## [Dataset excerpts]
= = = =
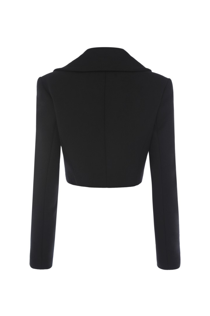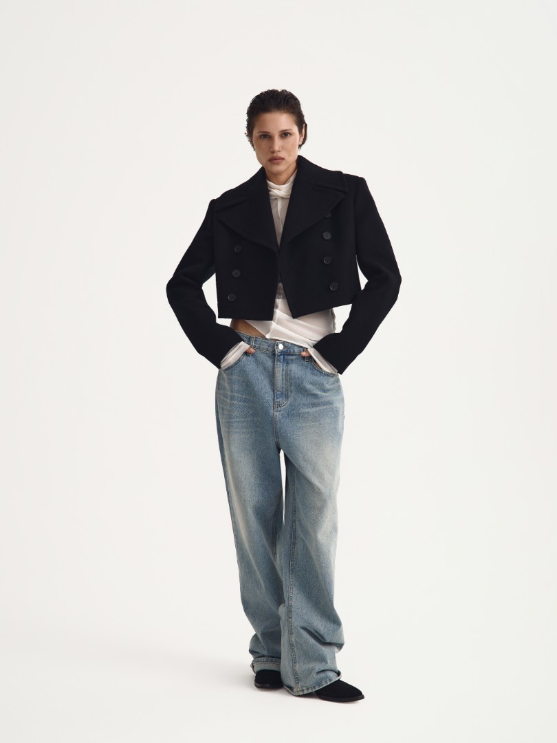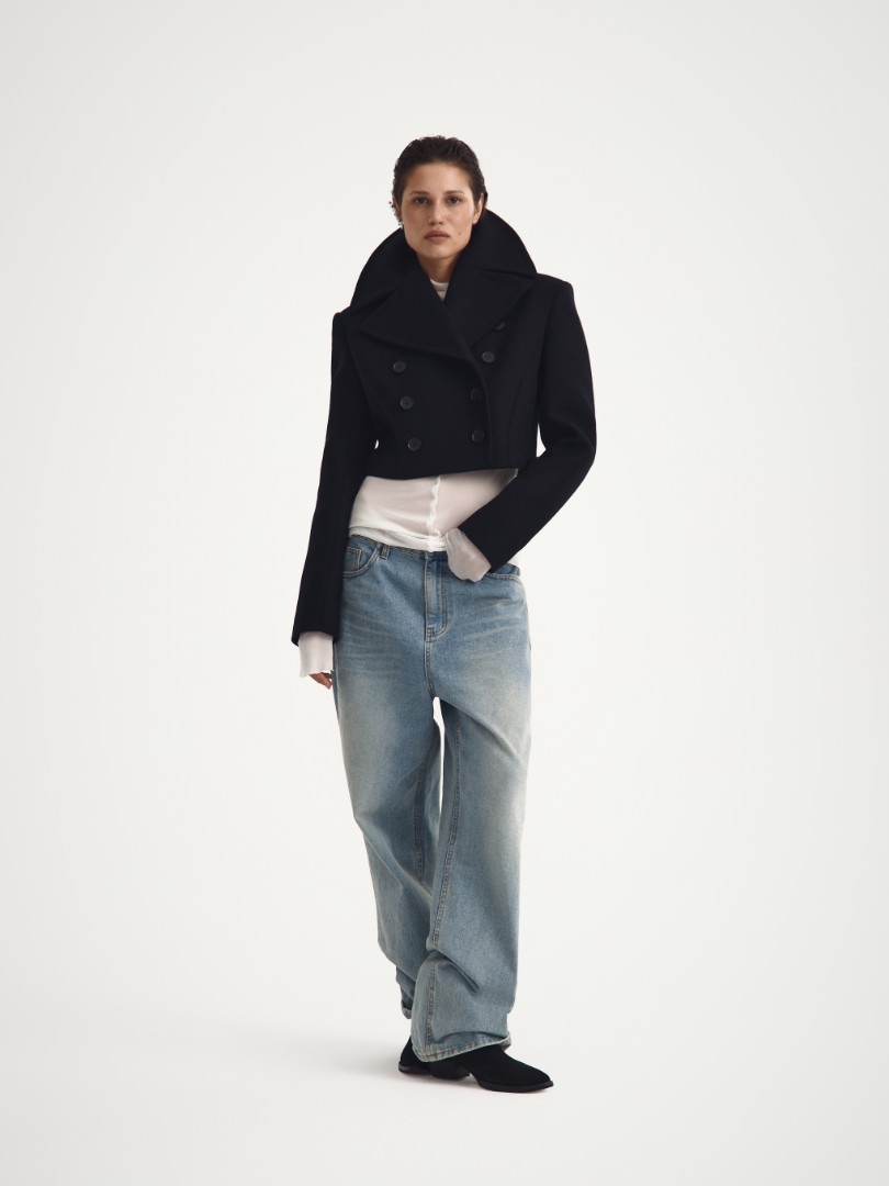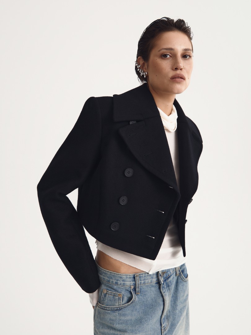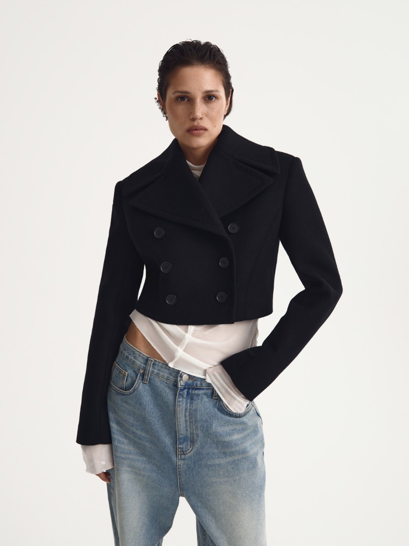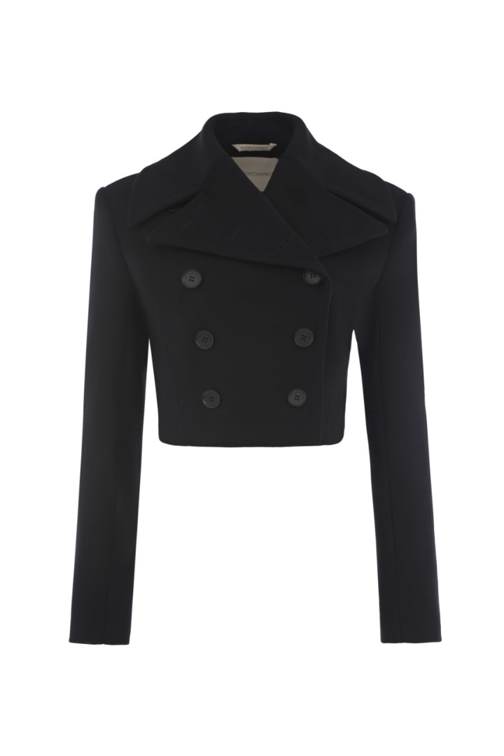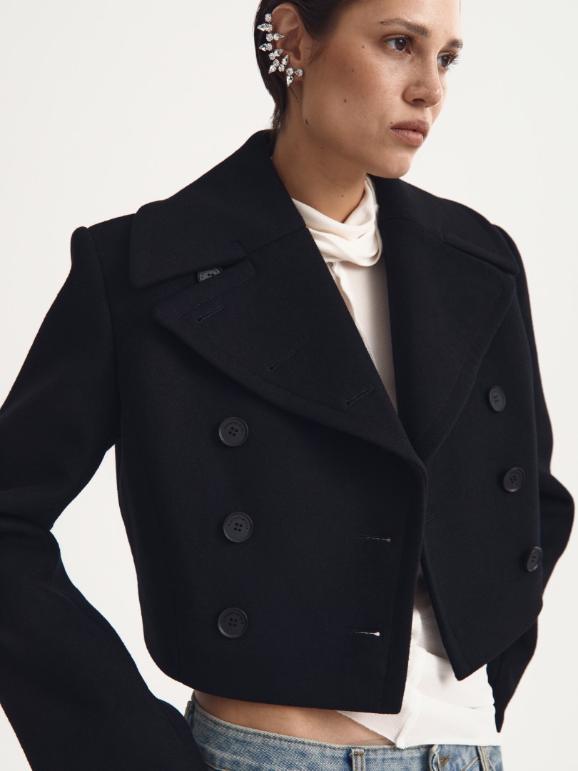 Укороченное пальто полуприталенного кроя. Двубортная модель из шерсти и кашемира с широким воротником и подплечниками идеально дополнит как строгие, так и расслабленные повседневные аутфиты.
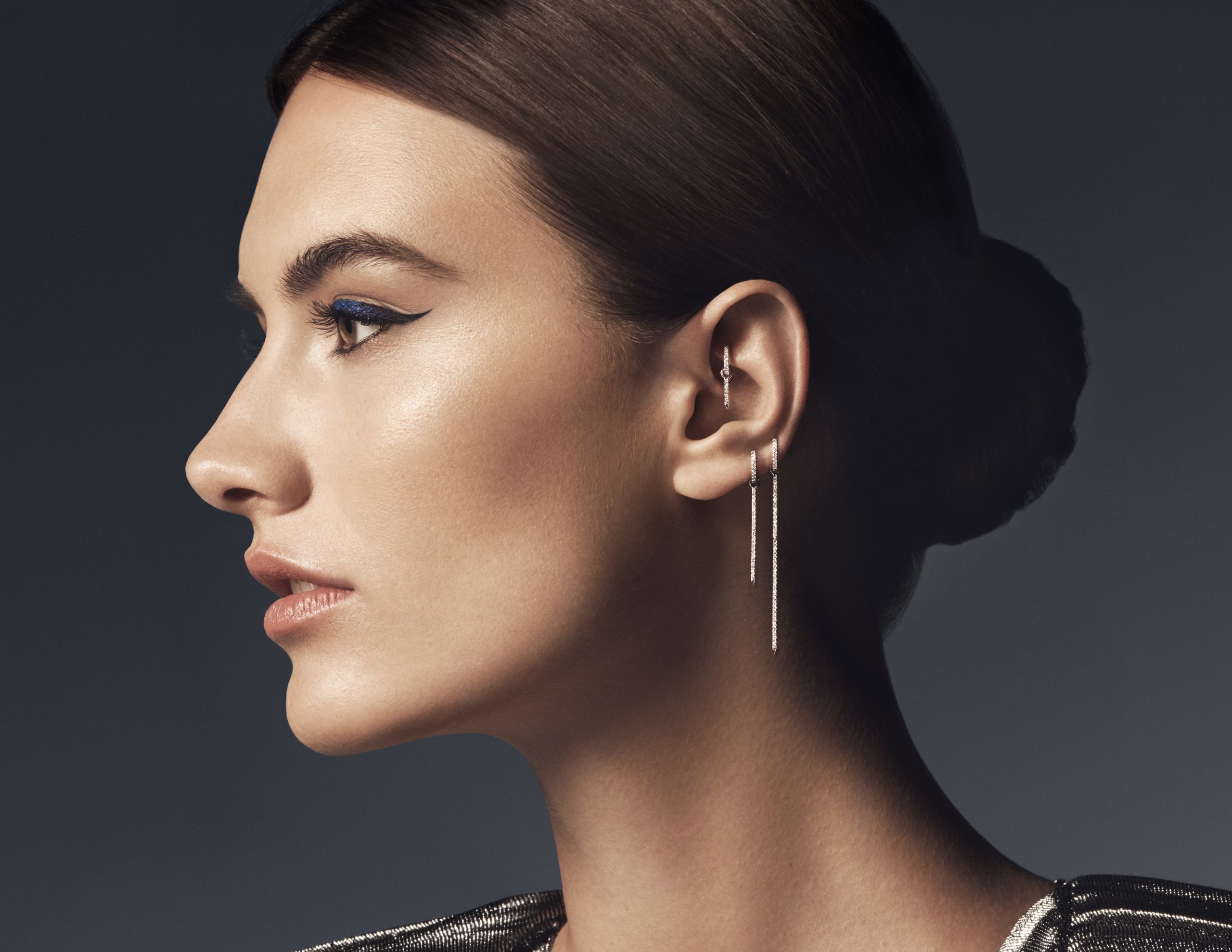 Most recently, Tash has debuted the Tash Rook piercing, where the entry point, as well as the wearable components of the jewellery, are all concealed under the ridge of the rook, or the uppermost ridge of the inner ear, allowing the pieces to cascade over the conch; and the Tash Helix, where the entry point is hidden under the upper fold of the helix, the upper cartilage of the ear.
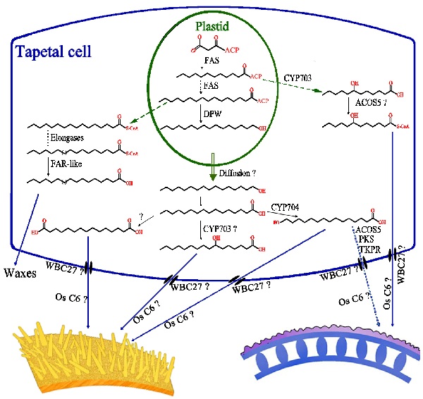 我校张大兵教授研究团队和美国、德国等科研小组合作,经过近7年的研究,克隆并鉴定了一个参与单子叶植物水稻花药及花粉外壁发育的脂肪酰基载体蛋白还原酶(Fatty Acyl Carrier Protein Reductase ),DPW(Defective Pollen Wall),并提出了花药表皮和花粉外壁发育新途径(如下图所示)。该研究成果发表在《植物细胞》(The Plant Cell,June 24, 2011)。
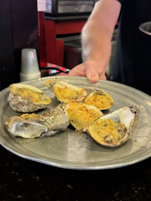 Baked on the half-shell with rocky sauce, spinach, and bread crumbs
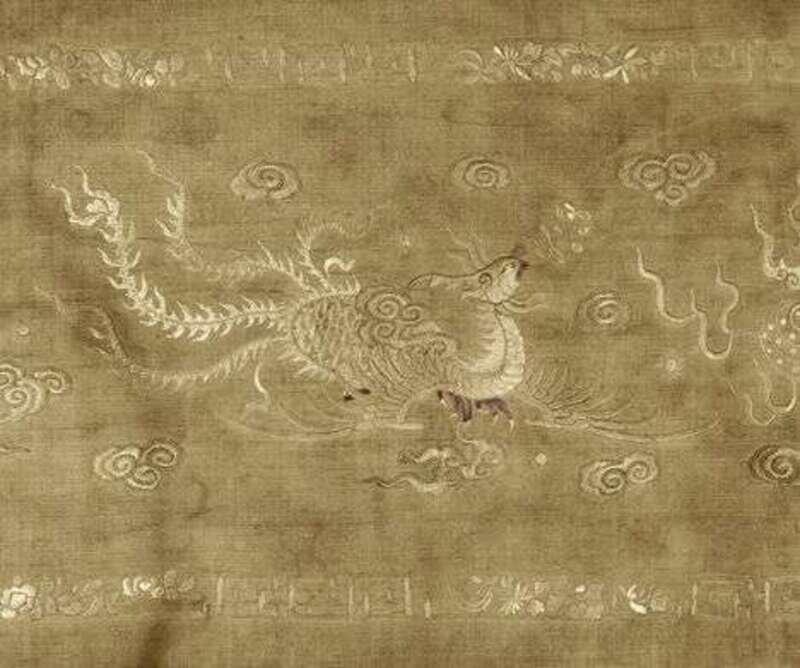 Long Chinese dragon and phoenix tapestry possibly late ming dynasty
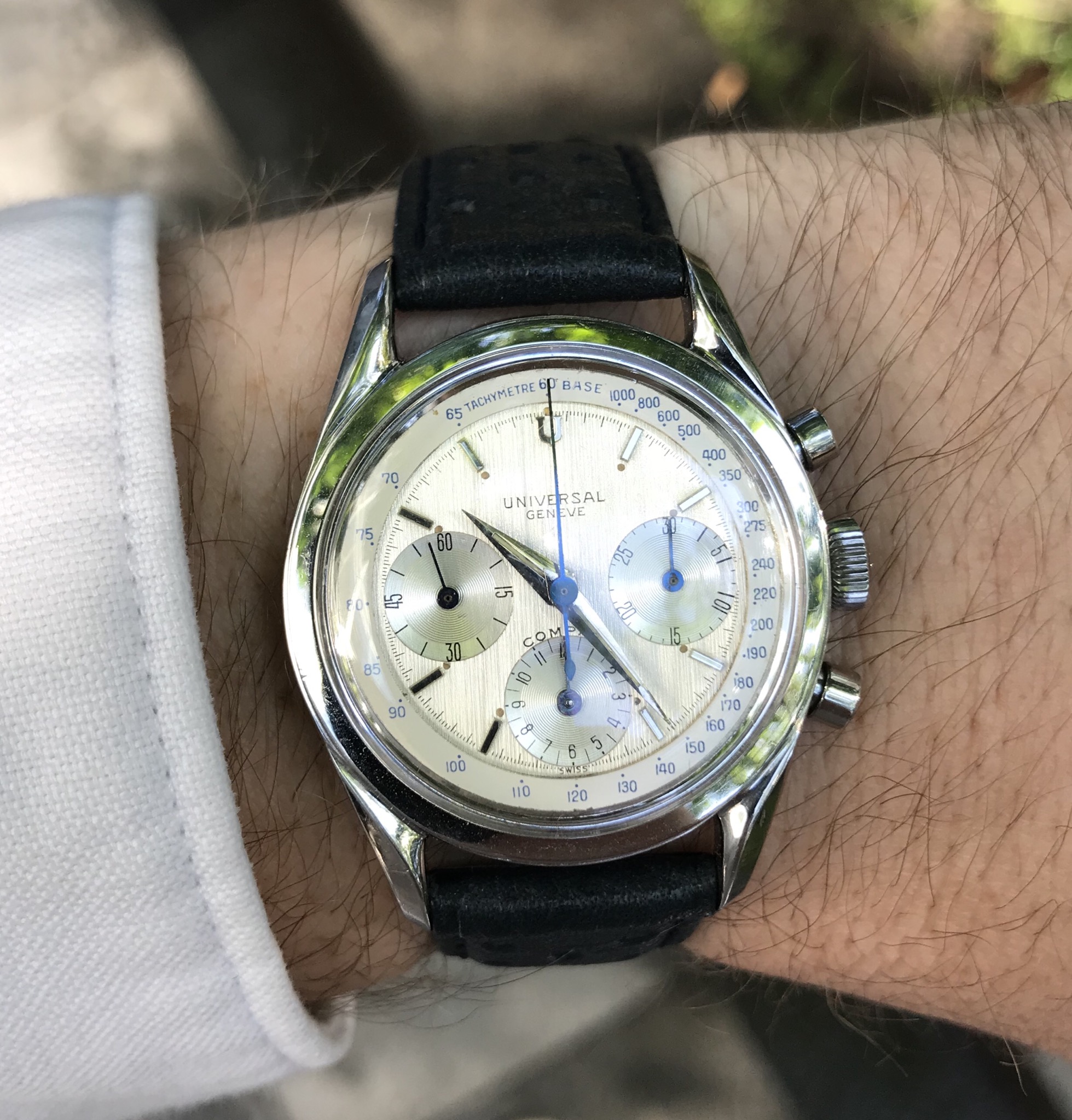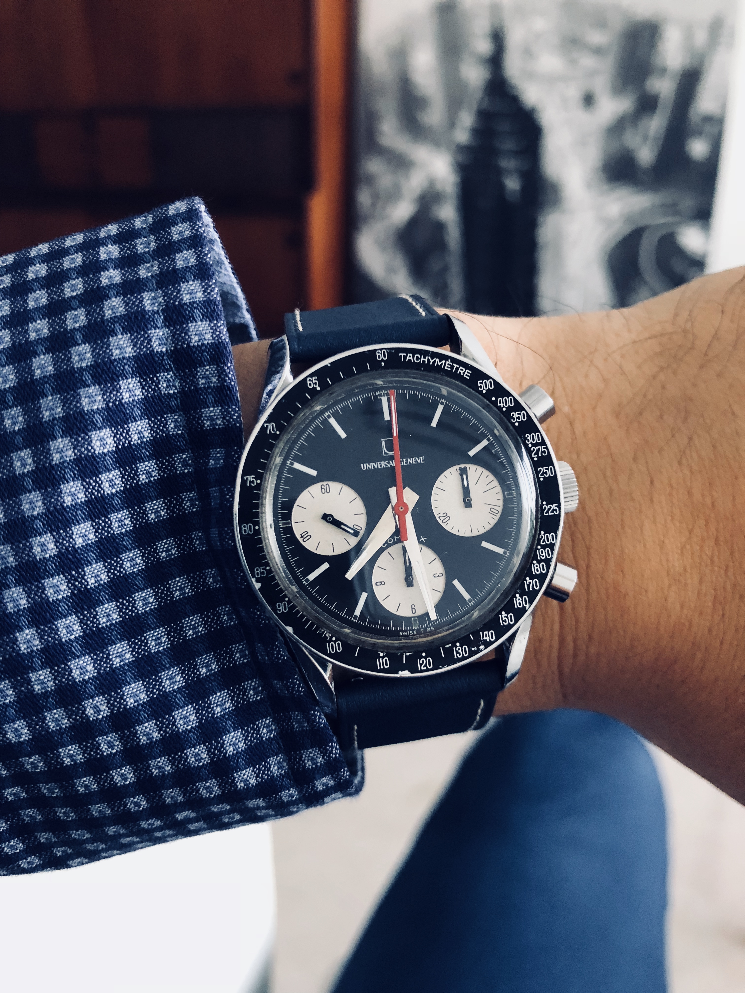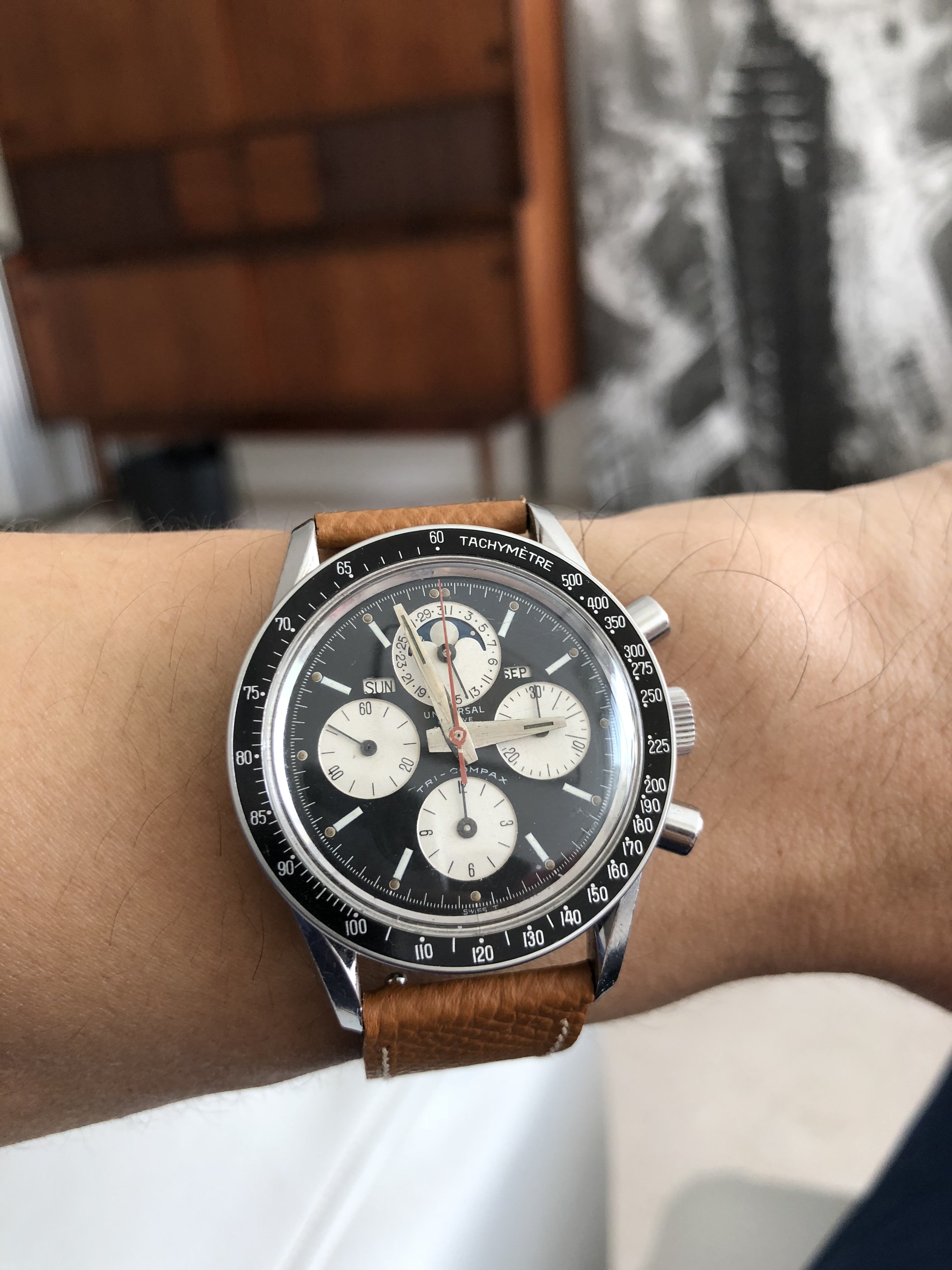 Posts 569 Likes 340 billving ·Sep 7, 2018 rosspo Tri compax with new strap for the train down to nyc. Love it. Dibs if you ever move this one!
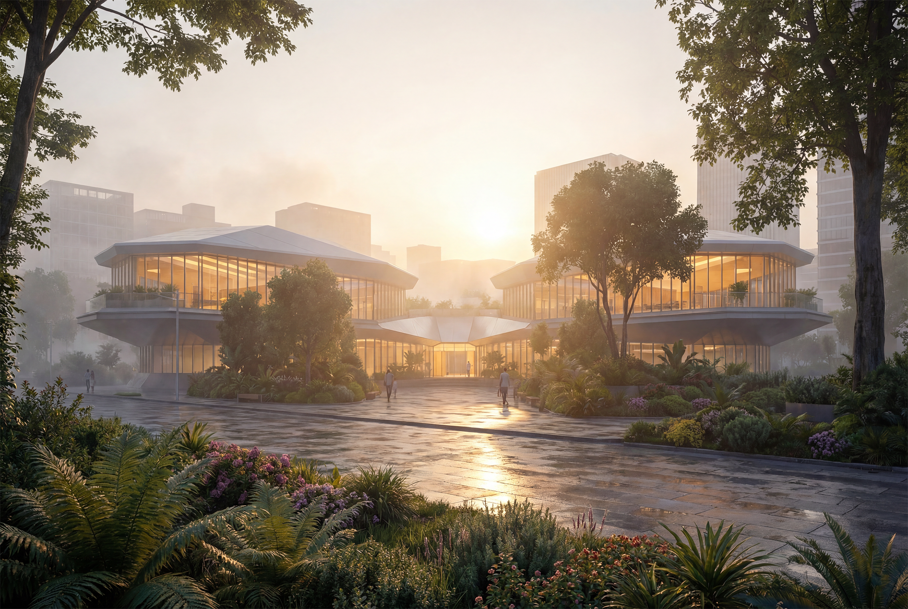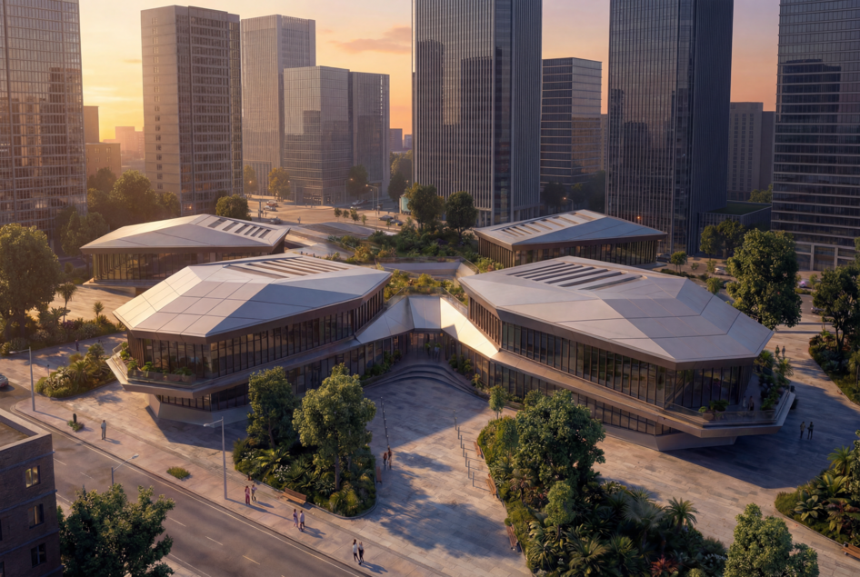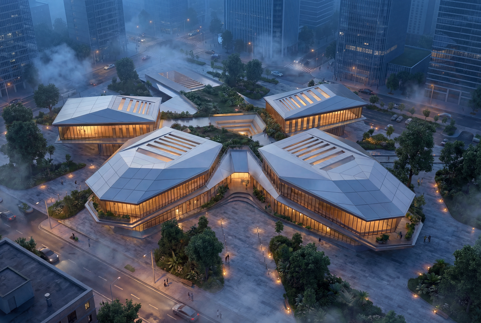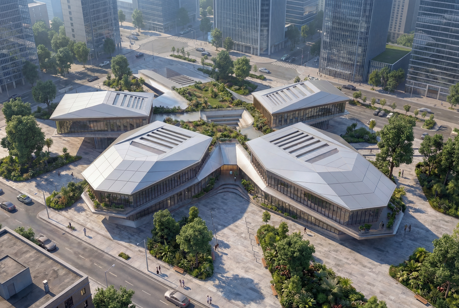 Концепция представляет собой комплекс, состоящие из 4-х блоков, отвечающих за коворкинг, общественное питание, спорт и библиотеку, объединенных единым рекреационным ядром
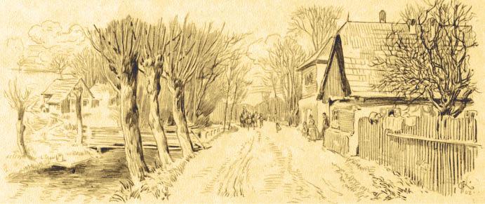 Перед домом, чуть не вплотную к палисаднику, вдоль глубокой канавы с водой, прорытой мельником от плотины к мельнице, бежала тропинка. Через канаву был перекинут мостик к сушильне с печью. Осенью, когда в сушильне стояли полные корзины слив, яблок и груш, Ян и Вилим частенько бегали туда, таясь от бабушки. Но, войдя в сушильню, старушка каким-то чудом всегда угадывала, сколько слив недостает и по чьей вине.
= = = =
Write out all of the records above. Keep them exact and leave out the pictures.

## [TASK SOLUTION]
 Укороченное пальто полуприталенного кроя. Двубортная модель из шерсти и кашемира с широким воротником и подплечниками идеально дополнит как строгие, так и расслабленные повседневные аутфиты.
 Most recently, Tash has debuted the Tash Rook piercing, where the entry point, as well as the wearable components of the jewellery, are all concealed under the ridge of the rook, or the uppermost ridge of the inner ear, allowing the pieces to cascade over the conch; and the Tash Helix, where the entry point is hidden under the upper fold of the helix, the upper cartilage of the ear.
 我校张大兵教授研究团队和美国、德国等科研小组合作,经过近7年的研究,克隆并鉴定了一个参与单子叶植物水稻花药及花粉外壁发育的脂肪酰基载体蛋白还原酶(Fatty Acyl Carrier Protein Reductase ),DPW(Defective Pollen Wall),并提出了花药表皮和花粉外壁发育新途径(如下图所示)。该研究成果发表在《植物细胞》(The Plant Cell,June 24, 2011)。
 Baked on the half-shell with rocky sauce, spinach, and bread crumbs
 Long Chinese dragon and phoenix tapestry possibly late ming dynasty
 Posts 569 Likes 340 billving ·Sep 7, 2018 rosspo Tri compax with new strap for the train down to nyc. Love it. Dibs if you ever move this one!
 Концепция представляет собой комплекс, состоящие из 4-х блоков, отвечающих за коворкинг, общественное питание, спорт и библиотеку, объединенных единым рекреационным ядром
 Перед домом, чуть не вплотную к палисаднику, вдоль глубокой канавы с водой, прорытой мельником от плотины к мельнице, бежала тропинка. Через канаву был перекинут мостик к сушильне с печью. Осенью, когда в сушильне стояли полные корзины слив, яблок и груш, Ян и Вилим частенько бегали туда, таясь от бабушки. Но, войдя в сушильню, старушка каким-то чудом всегда угадывала, сколько слив недостает и по чьей вине.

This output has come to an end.